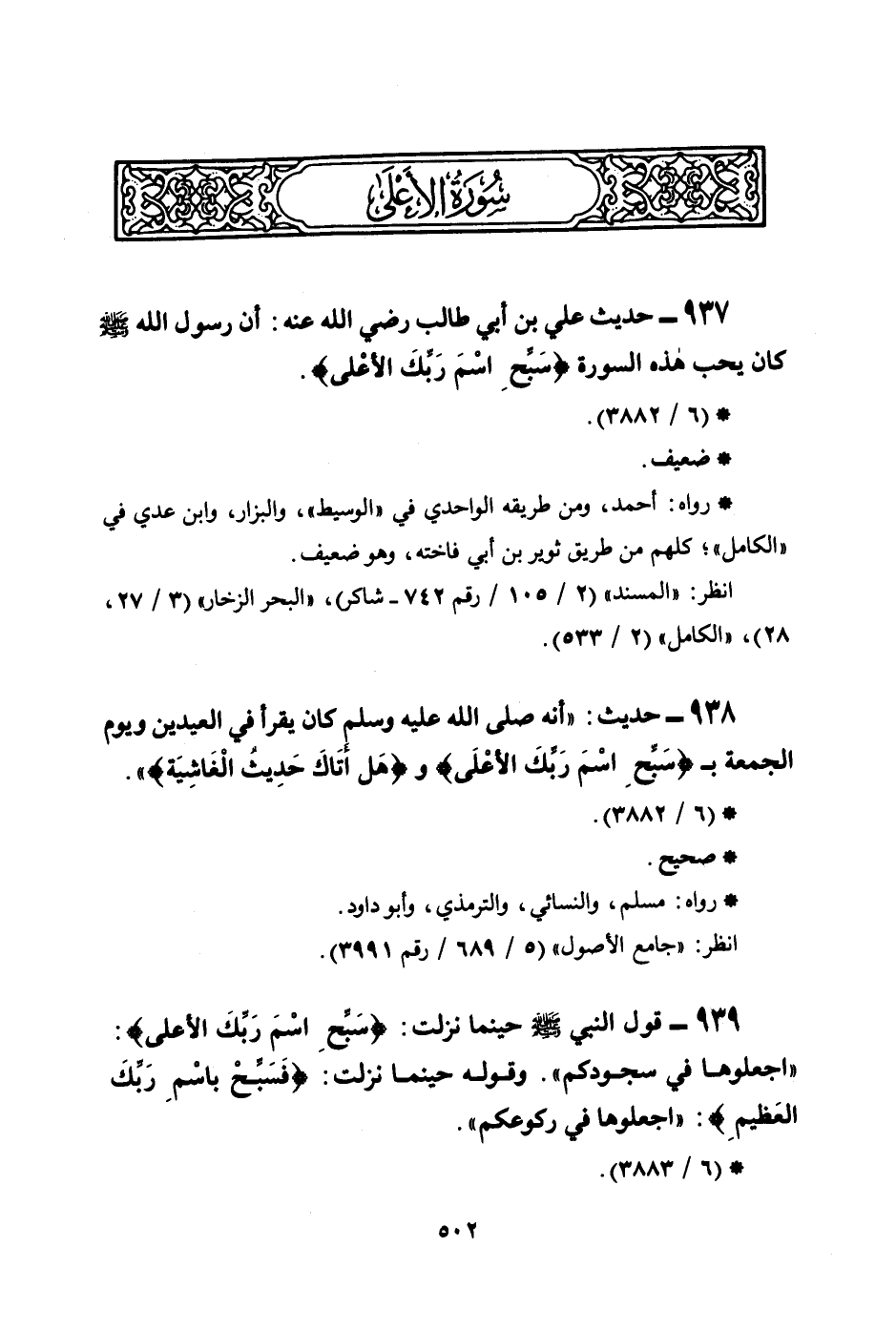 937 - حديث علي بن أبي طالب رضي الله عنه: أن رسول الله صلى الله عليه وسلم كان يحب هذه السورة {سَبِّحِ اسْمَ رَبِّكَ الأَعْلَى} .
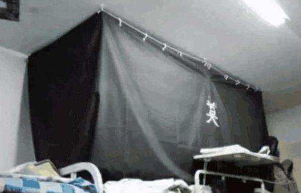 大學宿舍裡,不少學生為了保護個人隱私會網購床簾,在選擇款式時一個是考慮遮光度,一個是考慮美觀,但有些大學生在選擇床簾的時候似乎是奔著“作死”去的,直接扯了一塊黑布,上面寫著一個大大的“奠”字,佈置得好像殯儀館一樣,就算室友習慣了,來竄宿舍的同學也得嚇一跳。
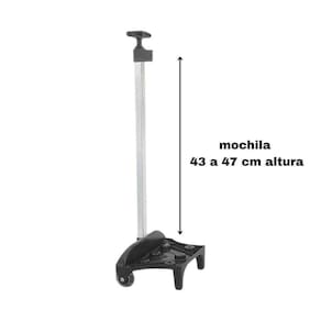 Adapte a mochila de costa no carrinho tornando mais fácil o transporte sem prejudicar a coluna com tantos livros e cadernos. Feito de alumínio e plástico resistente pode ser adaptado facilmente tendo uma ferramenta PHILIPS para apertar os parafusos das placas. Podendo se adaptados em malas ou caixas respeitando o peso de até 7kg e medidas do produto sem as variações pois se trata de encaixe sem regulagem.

* * *

All of the material above is to be copied exactly, except for its images.

 937 - حديث علي بن أبي طالب رضي الله عنه: أن رسول الله صلى الله عليه وسلم كان يحب هذه السورة {سَبِّحِ اسْمَ رَبِّكَ الأَعْلَى} .
 大學宿舍裡,不少學生為了保護個人隱私會網購床簾,在選擇款式時一個是考慮遮光度,一個是考慮美觀,但有些大學生在選擇床簾的時候似乎是奔著“作死”去的,直接扯了一塊黑布,上面寫著一個大大的“奠”字,佈置得好像殯儀館一樣,就算室友習慣了,來竄宿舍的同學也得嚇一跳。
 Adapte a mochila de costa no carrinho tornando mais fácil o transporte sem prejudicar a coluna com tantos livros e cadernos. Feito de alumínio e plástico resistente pode ser adaptado facilmente tendo uma ferramenta PHILIPS para apertar os parafusos das placas. Podendo se adaptados em malas ou caixas respeitando o peso de até 7kg e medidas do produto sem as variações pois se trata de encaixe sem regulagem.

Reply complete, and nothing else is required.